The LaborM dataset studied the same medical condition as the LaborC, except that the samples were collected from the myometrium, rather than cervix, both parts of the (same) uterus. It is therefore reasonable to expect that some of the pathways involved in LaborC and LaborM would be common.
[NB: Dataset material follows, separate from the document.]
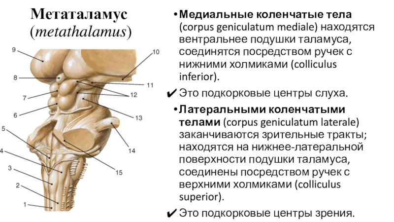 Медиальные коленчатые тела (corpus geniculatum mediale) находятся вентральнее
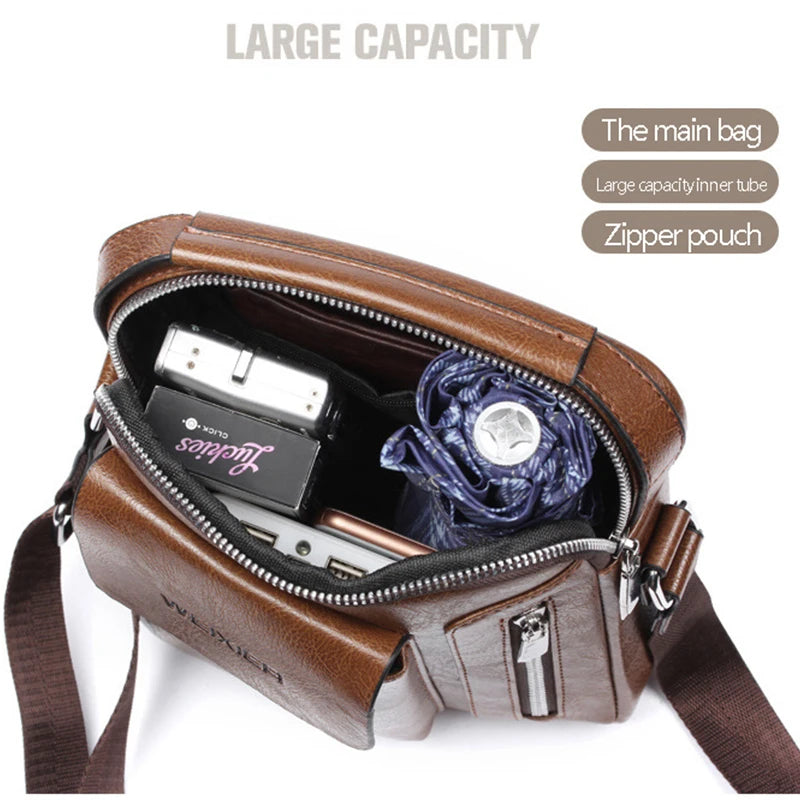This PU leather crossbody bag is designed for men looking for a stylish and secure travel companion. It's perfect for short trips and business use, featuring anti-theft protection and a waterproof design.

Both ORA and SPIA ranked the cytokine–cytokine receptor interaction as the most relevant pathway. The roles of cytokines in the human myometrium in labor have been previously assessed in several investigations, indicating their biological significance in human parturition (Breuiller-Fouche and Germain, 2006). Studies on uterine macrophages in the myometrium showed that the inflammatory cytokines, IL1β and TNFα, are important regulators of PGHS2 and IL8 (Tattersall et al., 2008). An increase in IL1, IL6, IL8 and TNFα within tissues of the laboring uterus and cervix is well known (Osman et al., 2003). Increased mRNA expression of CCL13, CCL19, CCL21, CXCR4 and CXCR5 in the myometrium has also been shown (Bethin et al., 2003; Breuiller-Fouche and Germain, 2006). The cytokine–cytokine receptor interaction pathway was also the most relevant in the LaborC dataset according with these two methods. In contrast, GSEA failed to identify this pathway as significant in either LaborM or LaborC sets (Tables 6 and 7; Supplementary Tables 9 and 10). This is disappointing in the light of the fact that each group had approximately 30 samples, therefore justifying the expectation of a reasonable statistical power. Furthermore, GSEA's rankings of this pathway were not consistent between these two related datasets. Combined with the low false positive rate verified on various null hypothesis simulations, the results on all three datasets suggest a higher statistical power for SPIA when compared with GSEA.

4 CONCLUSIONS

This study introduced the SPIA, which provides increased sensitivity when compared with GSEA, as well as improved specificity and better pathway ranking when compared with ORA. The SPIA algorithm was implemented as a standard R library available at http://vortex.cs.wayne.edu/ontoexpress/.

Funding

The Intramural Research Program of the Eunice Kennedy Shriver National Institute of Child Health and Human Development, NIH/DHHS (in part); NSF DBI 0234806, CCF 0438970, 1R01HG003491, 1U01CA117478, 1R21CA100740, 1R01 NS045207, 5R21EB000990, 2P30 CA022453 (to S.D.).

Conflict of Interest: none declared.